--- Brief ---
All of the data must be returned word for word.

--- Given records ---
---------------
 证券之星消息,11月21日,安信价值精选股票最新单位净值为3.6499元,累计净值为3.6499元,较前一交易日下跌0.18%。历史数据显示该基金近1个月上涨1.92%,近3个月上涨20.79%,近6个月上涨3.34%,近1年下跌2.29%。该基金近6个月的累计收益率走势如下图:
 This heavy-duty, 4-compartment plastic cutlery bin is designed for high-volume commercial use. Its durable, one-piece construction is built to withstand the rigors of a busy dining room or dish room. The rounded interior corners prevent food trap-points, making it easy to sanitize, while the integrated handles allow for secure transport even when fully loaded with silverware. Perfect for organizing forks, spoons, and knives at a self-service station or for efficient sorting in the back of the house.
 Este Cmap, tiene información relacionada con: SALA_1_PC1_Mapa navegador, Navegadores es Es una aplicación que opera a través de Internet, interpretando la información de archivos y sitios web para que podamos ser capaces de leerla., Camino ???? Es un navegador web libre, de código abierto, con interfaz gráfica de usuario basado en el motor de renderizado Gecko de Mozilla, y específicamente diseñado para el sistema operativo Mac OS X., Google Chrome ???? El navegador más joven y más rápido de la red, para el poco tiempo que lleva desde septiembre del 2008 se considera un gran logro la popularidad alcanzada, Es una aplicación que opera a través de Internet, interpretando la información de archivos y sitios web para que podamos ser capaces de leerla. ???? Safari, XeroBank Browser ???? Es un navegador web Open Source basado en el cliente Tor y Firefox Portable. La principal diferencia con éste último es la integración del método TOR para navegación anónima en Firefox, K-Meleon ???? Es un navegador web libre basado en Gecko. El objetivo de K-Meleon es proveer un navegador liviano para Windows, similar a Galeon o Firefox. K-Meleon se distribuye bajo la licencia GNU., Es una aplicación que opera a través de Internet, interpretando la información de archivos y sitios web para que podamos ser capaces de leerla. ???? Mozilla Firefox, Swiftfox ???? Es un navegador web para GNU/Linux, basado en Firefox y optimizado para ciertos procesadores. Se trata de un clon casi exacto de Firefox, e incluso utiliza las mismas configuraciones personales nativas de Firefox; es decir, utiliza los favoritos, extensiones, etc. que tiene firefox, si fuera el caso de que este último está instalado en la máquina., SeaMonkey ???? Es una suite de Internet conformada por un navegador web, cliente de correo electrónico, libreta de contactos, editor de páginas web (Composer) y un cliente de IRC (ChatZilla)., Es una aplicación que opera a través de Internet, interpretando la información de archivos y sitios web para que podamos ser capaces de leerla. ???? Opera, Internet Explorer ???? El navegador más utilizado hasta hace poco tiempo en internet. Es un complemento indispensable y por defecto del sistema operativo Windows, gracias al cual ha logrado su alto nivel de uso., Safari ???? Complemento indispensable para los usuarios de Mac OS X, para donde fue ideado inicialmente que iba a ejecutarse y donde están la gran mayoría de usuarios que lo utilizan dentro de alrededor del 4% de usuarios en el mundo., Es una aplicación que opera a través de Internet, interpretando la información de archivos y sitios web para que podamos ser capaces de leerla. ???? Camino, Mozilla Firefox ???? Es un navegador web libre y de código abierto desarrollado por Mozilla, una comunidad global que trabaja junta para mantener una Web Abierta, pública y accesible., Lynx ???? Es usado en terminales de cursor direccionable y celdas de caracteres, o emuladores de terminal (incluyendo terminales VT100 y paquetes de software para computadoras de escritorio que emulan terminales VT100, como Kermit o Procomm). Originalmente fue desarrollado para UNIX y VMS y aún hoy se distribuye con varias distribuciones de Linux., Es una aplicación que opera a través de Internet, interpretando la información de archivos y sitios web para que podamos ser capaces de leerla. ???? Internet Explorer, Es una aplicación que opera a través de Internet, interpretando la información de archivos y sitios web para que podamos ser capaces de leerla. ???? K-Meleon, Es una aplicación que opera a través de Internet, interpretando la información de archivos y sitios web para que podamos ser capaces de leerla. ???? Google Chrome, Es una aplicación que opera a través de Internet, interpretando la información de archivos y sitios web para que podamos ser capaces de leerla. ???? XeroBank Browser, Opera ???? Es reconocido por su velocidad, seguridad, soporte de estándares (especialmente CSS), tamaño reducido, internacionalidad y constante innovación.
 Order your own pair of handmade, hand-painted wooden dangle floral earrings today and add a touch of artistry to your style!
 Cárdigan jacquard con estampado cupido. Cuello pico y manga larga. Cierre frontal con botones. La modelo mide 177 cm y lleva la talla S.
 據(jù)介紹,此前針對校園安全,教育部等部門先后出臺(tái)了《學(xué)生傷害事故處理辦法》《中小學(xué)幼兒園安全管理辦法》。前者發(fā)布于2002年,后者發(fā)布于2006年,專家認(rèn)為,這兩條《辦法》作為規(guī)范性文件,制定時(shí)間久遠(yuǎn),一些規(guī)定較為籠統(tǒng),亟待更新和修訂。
---------------
--- Output ---
 证券之星消息,11月21日,安信价值精选股票最新单位净值为3.6499元,累计净值为3.6499元,较前一交易日下跌0.18%。历史数据显示该基金近1个月上涨1.92%,近3个月上涨20.79%,近6个月上涨3.34%,近1年下跌2.29%。该基金近6个月的累计收益率走势如下图:
 This heavy-duty, 4-compartment plastic cutlery bin is designed for high-volume commercial use. Its durable, one-piece construction is built to withstand the rigors of a busy dining room or dish room. The rounded interior corners prevent food trap-points, making it easy to sanitize, while the integrated handles allow for secure transport even when fully loaded with silverware. Perfect for organizing forks, spoons, and knives at a self-service station or for efficient sorting in the back of the house.
 Este Cmap, tiene información relacionada con: SALA_1_PC1_Mapa navegador, Navegadores es Es una aplicación que opera a través de Internet, interpretando la información de archivos y sitios web para que podamos ser capaces de leerla., Camino ???? Es un navegador web libre, de código abierto, con interfaz gráfica de usuario basado en el motor de renderizado Gecko de Mozilla, y específicamente diseñado para el sistema operativo Mac OS X., Google Chrome ???? El navegador más joven y más rápido de la red, para el poco tiempo que lleva desde septiembre del 2008 se considera un gran logro la popularidad alcanzada, Es una aplicación que opera a través de Internet, interpretando la información de archivos y sitios web para que podamos ser capaces de leerla. ???? Safari, XeroBank Browser ???? Es un navegador web Open Source basado en el cliente Tor y Firefox Portable. La principal diferencia con éste último es la integración del método TOR para navegación anónima en Firefox, K-Meleon ???? Es un navegador web libre basado en Gecko. El objetivo de K-Meleon es proveer un navegador liviano para Windows, similar a Galeon o Firefox. K-Meleon se distribuye bajo la licencia GNU., Es una aplicación que opera a través de Internet, interpretando la información de archivos y sitios web para que podamos ser capaces de leerla. ???? Mozilla Firefox, Swiftfox ???? Es un navegador web para GNU/Linux, basado en Firefox y optimizado para ciertos procesadores. Se trata de un clon casi exacto de Firefox, e incluso utiliza las mismas configuraciones personales nativas de Firefox; es decir, utiliza los favoritos, extensiones, etc. que tiene firefox, si fuera el caso de que este último está instalado en la máquina., SeaMonkey ???? Es una suite de Internet conformada por un navegador web, cliente de correo electrónico, libreta de contactos, editor de páginas web (Composer) y un cliente de IRC (ChatZilla)., Es una aplicación que opera a través de Internet, interpretando la información de archivos y sitios web para que podamos ser capaces de leerla. ???? Opera, Internet Explorer ???? El navegador más utilizado hasta hace poco tiempo en internet. Es un complemento indispensable y por defecto del sistema operativo Windows, gracias al cual ha logrado su alto nivel de uso., Safari ???? Complemento indispensable para los usuarios de Mac OS X, para donde fue ideado inicialmente que iba a ejecutarse y donde están la gran mayoría de usuarios que lo utilizan dentro de alrededor del 4% de usuarios en el mundo., Es una aplicación que opera a través de Internet, interpretando la información de archivos y sitios web para que podamos ser capaces de leerla. ???? Camino, Mozilla Firefox ???? Es un navegador web libre y de código abierto desarrollado por Mozilla, una comunidad global que trabaja junta para mantener una Web Abierta, pública y accesible., Lynx ???? Es usado en terminales de cursor direccionable y celdas de caracteres, o emuladores de terminal (incluyendo terminales VT100 y paquetes de software para computadoras de escritorio que emulan terminales VT100, como Kermit o Procomm). Originalmente fue desarrollado para UNIX y VMS y aún hoy se distribuye con varias distribuciones de Linux., Es una aplicación que opera a través de Internet, interpretando la información de archivos y sitios web para que podamos ser capaces de leerla. ???? Internet Explorer, Es una aplicación que opera a través de Internet, interpretando la información de archivos y sitios web para que podamos ser capaces de leerla. ???? K-Meleon, Es una aplicación que opera a través de Internet, interpretando la información de archivos y sitios web para que podamos ser capaces de leerla. ???? Google Chrome, Es una aplicación que opera a través de Internet, interpretando la información de archivos y sitios web para que podamos ser capaces de leerla. ???? XeroBank Browser, Opera ???? Es reconocido por su velocidad, seguridad, soporte de estándares (especialmente CSS), tamaño reducido, internacionalidad y constante innovación.
 Order your own pair of handmade, hand-painted wooden dangle floral earrings today and add a touch of artistry to your style!
 Cárdigan jacquard con estampado cupido. Cuello pico y manga larga. Cierre frontal con botones. La modelo mide 177 cm y lleva la talla S.
 據(jù)介紹,此前針對校園安全,教育部等部門先后出臺(tái)了《學(xué)生傷害事故處理辦法》《中小學(xué)幼兒園安全管理辦法》。前者發(fā)布于2002年,后者發(fā)布于2006年,專家認(rèn)為,這兩條《辦法》作為規(guī)范性文件,制定時(shí)間久遠(yuǎn),一些規(guī)定較為籠統(tǒng),亟待更新和修訂。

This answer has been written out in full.